INFORMATION:
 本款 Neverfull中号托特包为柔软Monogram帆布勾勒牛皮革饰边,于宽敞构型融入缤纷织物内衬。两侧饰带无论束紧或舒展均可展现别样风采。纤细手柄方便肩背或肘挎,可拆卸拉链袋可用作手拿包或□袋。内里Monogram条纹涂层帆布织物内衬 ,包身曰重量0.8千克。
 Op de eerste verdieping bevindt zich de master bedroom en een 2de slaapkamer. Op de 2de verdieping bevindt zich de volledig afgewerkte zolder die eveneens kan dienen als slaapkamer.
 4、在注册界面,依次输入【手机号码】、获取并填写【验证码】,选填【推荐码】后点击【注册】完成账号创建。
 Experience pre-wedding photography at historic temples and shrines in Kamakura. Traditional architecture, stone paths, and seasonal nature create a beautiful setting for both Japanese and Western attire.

--

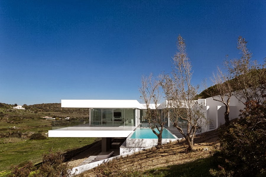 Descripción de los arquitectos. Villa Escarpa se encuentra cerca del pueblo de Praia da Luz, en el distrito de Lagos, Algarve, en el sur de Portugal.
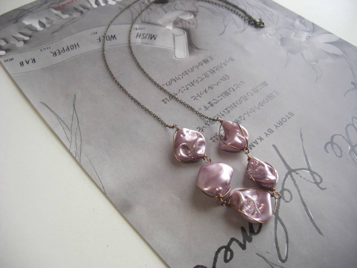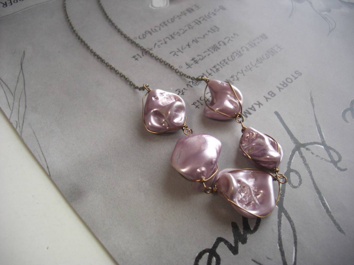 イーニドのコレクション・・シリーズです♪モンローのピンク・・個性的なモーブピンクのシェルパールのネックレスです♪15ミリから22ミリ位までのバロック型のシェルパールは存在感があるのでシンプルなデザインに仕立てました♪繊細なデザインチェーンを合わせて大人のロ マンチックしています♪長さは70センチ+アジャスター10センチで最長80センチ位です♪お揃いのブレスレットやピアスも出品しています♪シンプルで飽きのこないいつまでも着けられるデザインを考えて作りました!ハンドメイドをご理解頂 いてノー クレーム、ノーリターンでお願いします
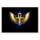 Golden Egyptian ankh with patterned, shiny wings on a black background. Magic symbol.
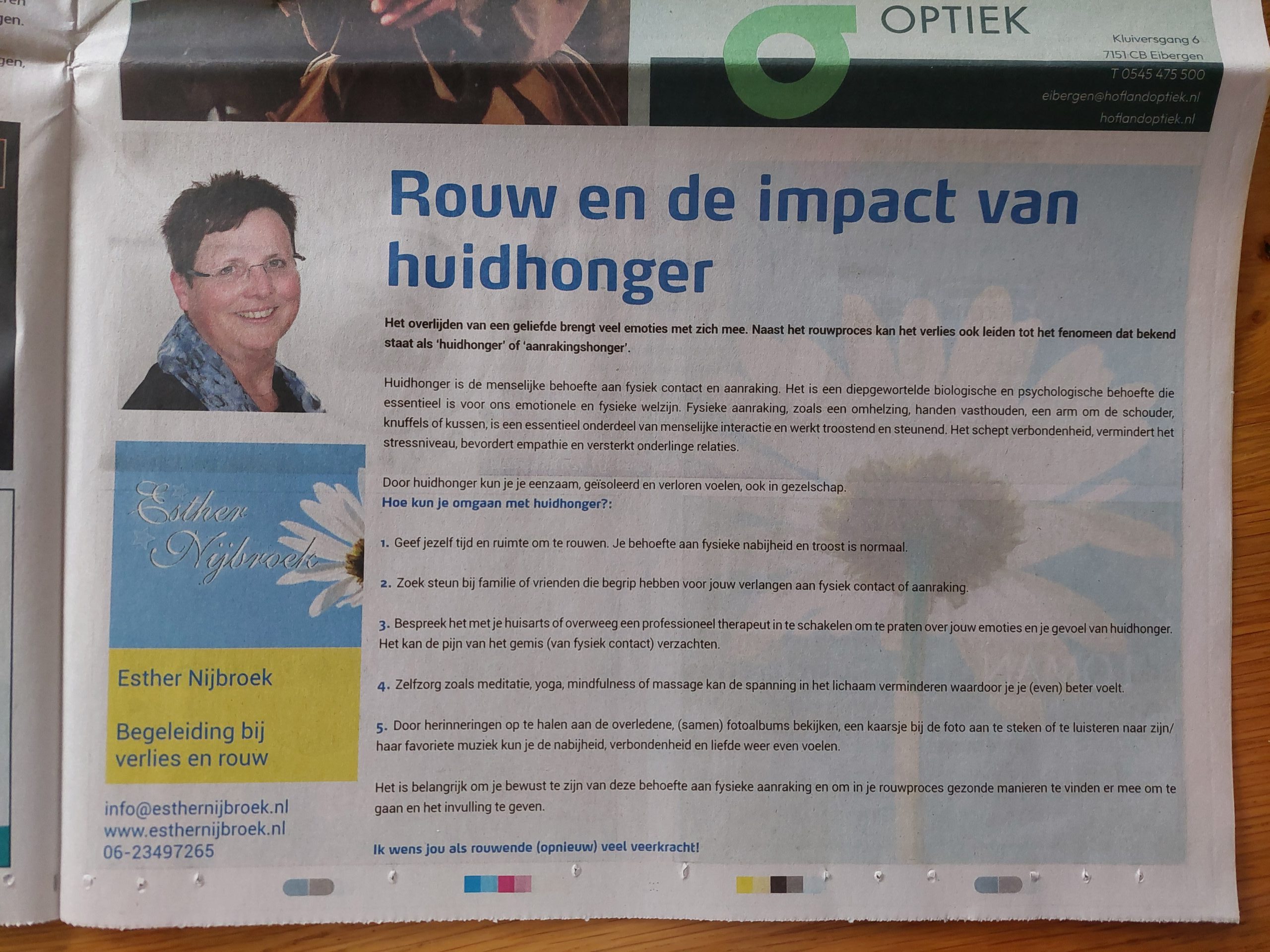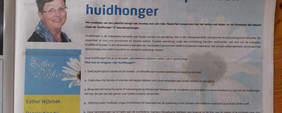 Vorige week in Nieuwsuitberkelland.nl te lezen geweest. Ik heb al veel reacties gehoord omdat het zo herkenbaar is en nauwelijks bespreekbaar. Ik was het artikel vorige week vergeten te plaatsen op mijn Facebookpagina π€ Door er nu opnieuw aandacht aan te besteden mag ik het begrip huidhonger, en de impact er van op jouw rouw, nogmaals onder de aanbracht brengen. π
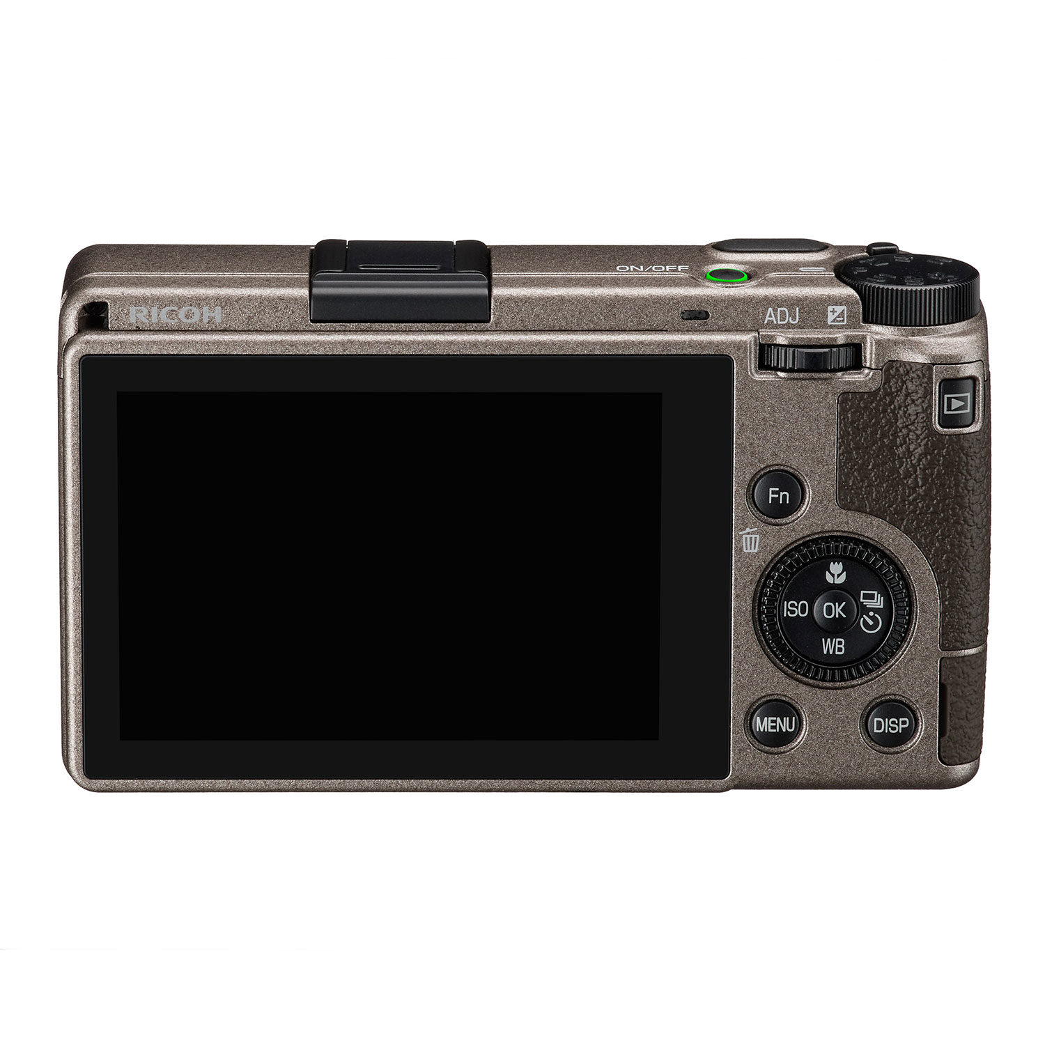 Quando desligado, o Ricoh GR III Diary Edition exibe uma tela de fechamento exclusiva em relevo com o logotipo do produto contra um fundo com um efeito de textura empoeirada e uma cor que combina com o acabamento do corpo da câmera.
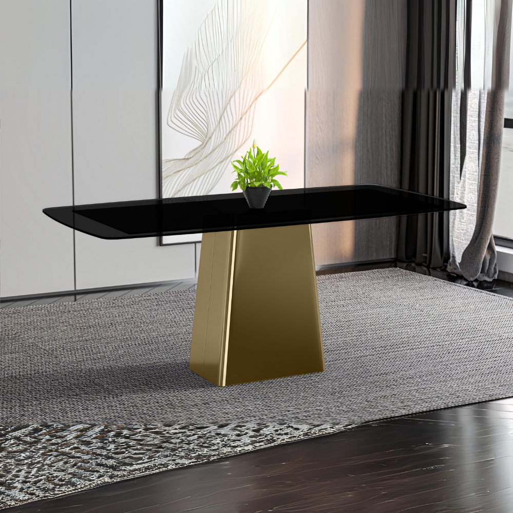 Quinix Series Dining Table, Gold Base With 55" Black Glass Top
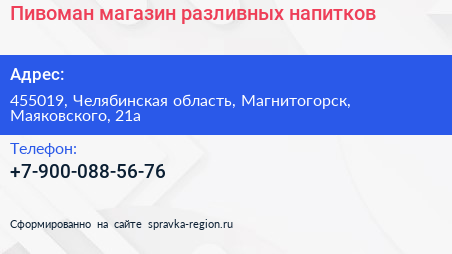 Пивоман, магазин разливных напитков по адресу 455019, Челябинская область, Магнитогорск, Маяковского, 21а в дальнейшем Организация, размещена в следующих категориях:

WHAT TO DO: Please copy, exactly and with nothing else, the lines above beginning at the line that has "Op de eerste" and ending with the line that has "Experience pre-wedding photography".

SOLUTION TO THE PROBLEM:
 Op de eerste verdieping bevindt zich de master bedroom en een 2de slaapkamer. Op de 2de verdieping bevindt zich de volledig afgewerkte zolder die eveneens kan dienen als slaapkamer.
 4、在注册界面,依次输入【手机号码】、获取并填写【验证码】,选填【推荐码】后点击【注册】完成账号创建。
 Experience pre-wedding photography at historic temples and shrines in Kamakura. Traditional architecture, stone paths, and seasonal nature create a beautiful setting for both Japanese and Western attire.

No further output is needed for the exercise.